▼

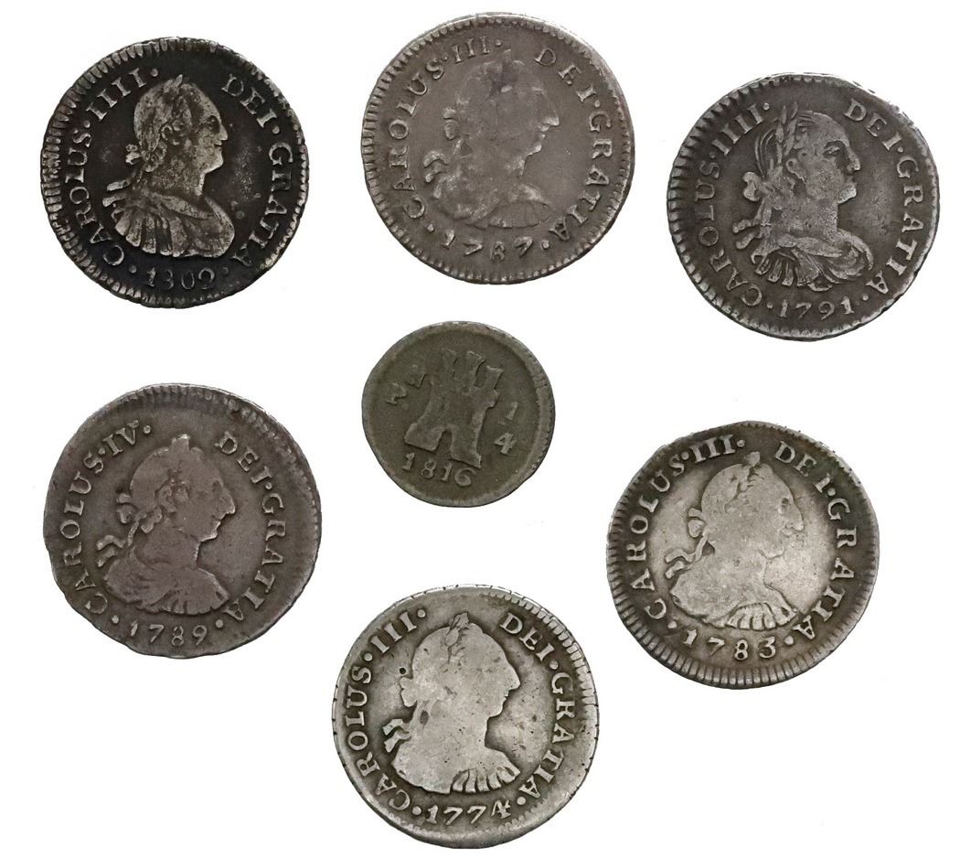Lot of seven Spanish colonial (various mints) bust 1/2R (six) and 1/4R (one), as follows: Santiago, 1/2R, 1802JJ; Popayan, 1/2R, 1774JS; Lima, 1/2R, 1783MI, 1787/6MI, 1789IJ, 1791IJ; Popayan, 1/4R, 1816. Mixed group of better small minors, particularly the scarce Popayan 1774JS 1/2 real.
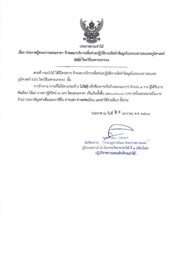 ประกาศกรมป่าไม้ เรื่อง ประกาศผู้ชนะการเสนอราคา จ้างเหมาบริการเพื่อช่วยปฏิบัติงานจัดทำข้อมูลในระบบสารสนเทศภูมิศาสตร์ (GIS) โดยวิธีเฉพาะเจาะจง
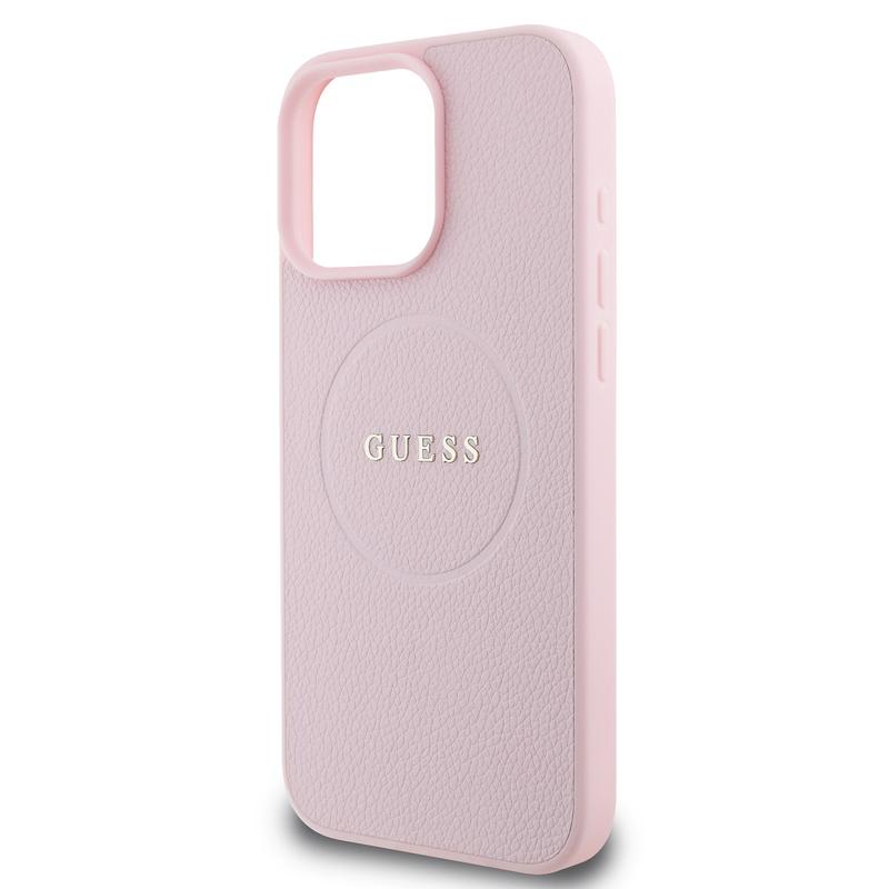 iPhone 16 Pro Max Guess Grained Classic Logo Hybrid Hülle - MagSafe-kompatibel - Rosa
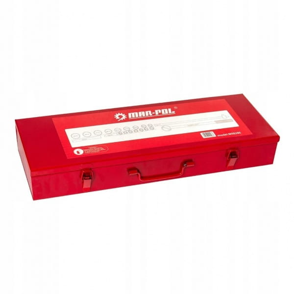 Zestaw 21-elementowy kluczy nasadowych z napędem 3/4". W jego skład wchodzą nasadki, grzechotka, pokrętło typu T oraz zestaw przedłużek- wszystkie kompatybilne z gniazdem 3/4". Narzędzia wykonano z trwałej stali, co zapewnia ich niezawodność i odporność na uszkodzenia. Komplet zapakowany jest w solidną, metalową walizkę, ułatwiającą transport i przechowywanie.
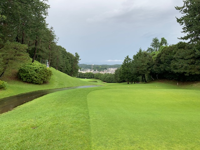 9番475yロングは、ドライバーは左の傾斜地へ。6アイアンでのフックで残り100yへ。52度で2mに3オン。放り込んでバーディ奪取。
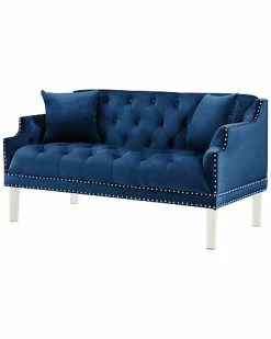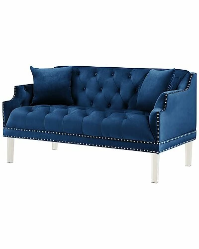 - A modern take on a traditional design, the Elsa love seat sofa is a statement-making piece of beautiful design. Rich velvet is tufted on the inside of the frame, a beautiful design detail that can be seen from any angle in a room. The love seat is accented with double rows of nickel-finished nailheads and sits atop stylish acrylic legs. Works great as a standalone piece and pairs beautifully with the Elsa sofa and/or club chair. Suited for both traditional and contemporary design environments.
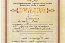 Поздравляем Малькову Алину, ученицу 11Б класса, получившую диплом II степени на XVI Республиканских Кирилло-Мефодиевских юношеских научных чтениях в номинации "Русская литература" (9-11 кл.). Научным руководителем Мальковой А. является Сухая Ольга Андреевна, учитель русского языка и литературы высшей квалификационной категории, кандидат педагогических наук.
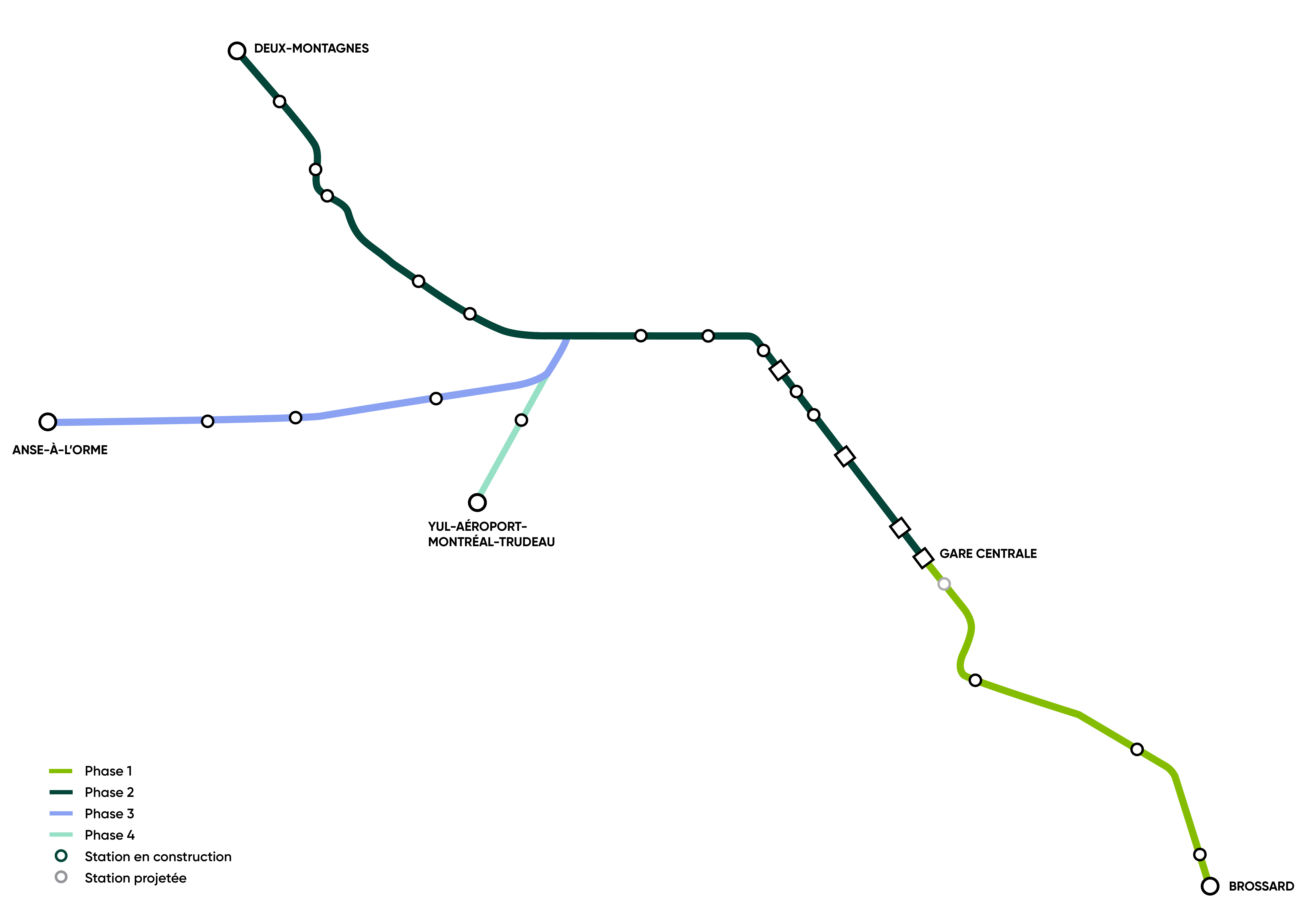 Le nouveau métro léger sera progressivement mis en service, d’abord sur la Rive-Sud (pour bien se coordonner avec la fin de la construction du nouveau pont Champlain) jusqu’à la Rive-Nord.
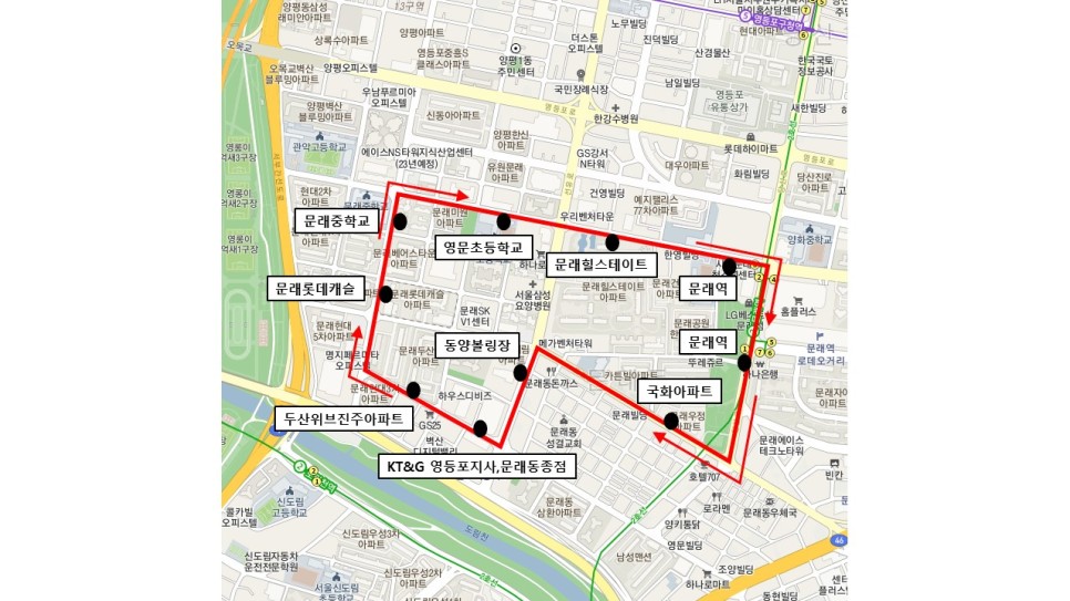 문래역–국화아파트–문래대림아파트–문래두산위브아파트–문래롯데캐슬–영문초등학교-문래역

▲
▼

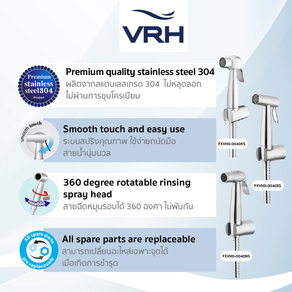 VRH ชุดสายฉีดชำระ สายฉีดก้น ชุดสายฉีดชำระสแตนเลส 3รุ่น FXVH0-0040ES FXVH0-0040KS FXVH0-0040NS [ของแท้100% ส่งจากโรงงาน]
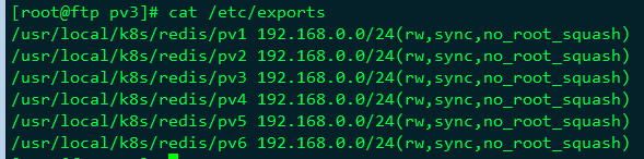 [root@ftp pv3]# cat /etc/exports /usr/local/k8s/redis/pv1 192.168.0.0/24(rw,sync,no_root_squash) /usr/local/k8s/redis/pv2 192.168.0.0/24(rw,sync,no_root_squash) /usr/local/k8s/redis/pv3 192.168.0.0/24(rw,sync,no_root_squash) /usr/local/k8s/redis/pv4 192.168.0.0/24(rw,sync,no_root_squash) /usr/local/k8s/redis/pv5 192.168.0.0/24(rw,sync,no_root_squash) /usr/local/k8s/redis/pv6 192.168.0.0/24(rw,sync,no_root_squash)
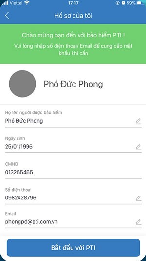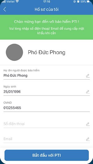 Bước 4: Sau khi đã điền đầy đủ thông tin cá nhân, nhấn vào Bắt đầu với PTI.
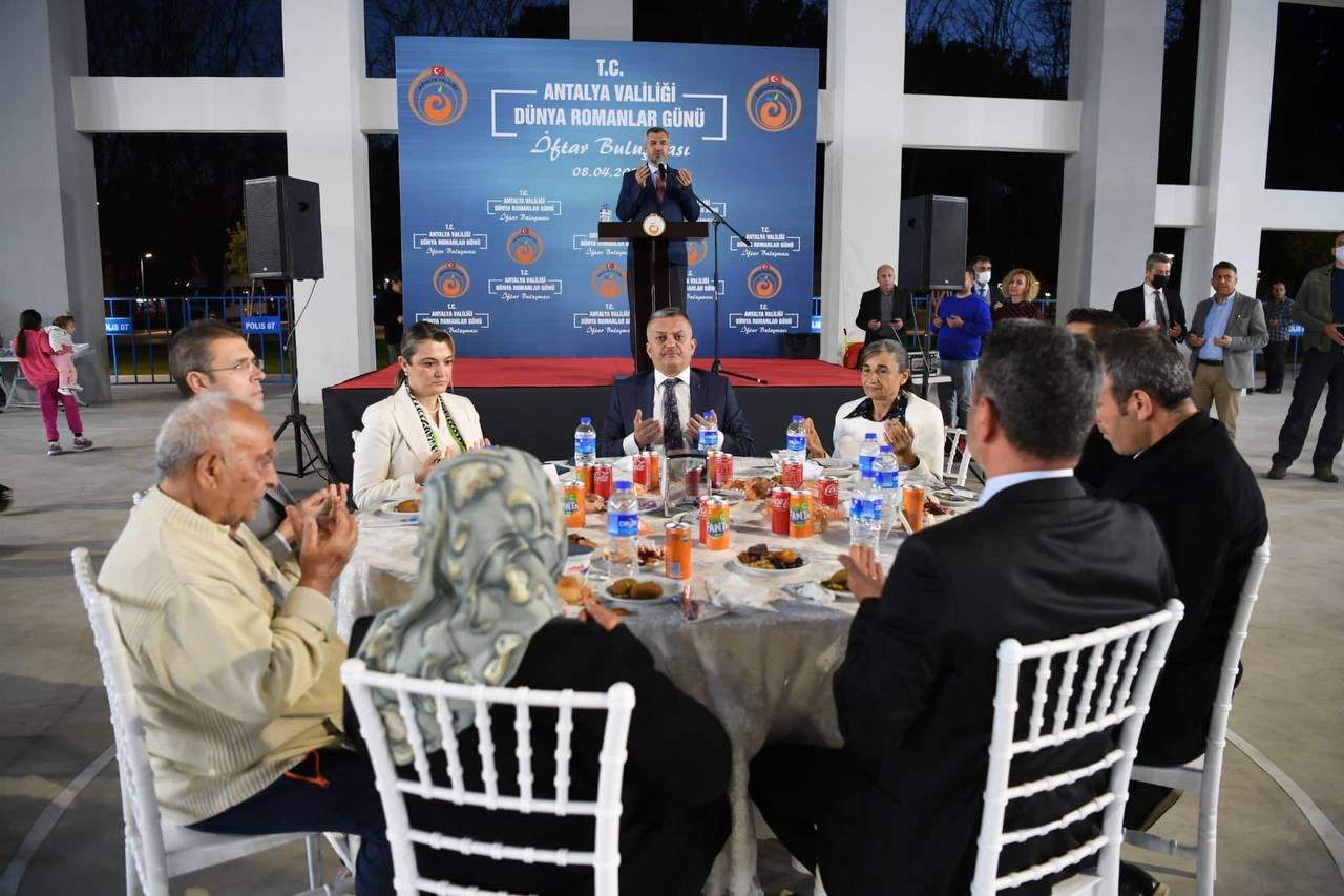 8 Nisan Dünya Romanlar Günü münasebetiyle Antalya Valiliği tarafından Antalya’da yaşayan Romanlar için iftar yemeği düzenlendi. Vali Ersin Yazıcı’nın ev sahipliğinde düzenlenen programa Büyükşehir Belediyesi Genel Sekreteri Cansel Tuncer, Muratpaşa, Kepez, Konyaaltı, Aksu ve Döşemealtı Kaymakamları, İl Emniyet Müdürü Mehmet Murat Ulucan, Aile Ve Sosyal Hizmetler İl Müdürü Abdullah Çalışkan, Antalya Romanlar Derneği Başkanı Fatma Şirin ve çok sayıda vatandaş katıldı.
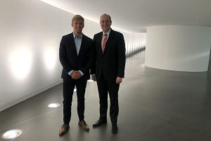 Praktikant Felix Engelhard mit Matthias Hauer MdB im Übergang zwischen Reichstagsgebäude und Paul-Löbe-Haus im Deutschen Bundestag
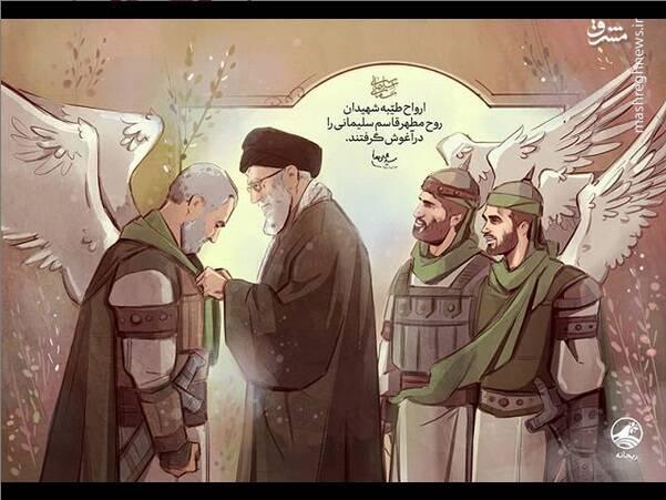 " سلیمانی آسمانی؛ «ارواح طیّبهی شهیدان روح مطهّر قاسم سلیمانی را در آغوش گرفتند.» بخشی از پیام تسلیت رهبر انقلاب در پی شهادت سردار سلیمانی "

▲

TASK STATEMENT: I'd like the lines above repeated exactly, from the one that contains "- A modern take" through the one that contains "문래역–국화아파트–문래대림", with no pictures.

EXPECTED ANSWER:
 - A modern take on a traditional design, the Elsa love seat sofa is a statement-making piece of beautiful design. Rich velvet is tufted on the inside of the frame, a beautiful design detail that can be seen from any angle in a room. The love seat is accented with double rows of nickel-finished nailheads and sits atop stylish acrylic legs. Works great as a standalone piece and pairs beautifully with the Elsa sofa and/or club chair. Suited for both traditional and contemporary design environments.
 Поздравляем Малькову Алину, ученицу 11Б класса, получившую диплом II степени на XVI Республиканских Кирилло-Мефодиевских юношеских научных чтениях в номинации "Русская литература" (9-11 кл.). Научным руководителем Мальковой А. является Сухая Ольга Андреевна, учитель русского языка и литературы высшей квалификационной категории, кандидат педагогических наук.
 Le nouveau métro léger sera progressivement mis en service, d’abord sur la Rive-Sud (pour bien se coordonner avec la fin de la construction du nouveau pont Champlain) jusqu’à la Rive-Nord.
 문래역–국화아파트–문래대림아파트–문래두산위브아파트–문래롯데캐슬–영문초등학교-문래역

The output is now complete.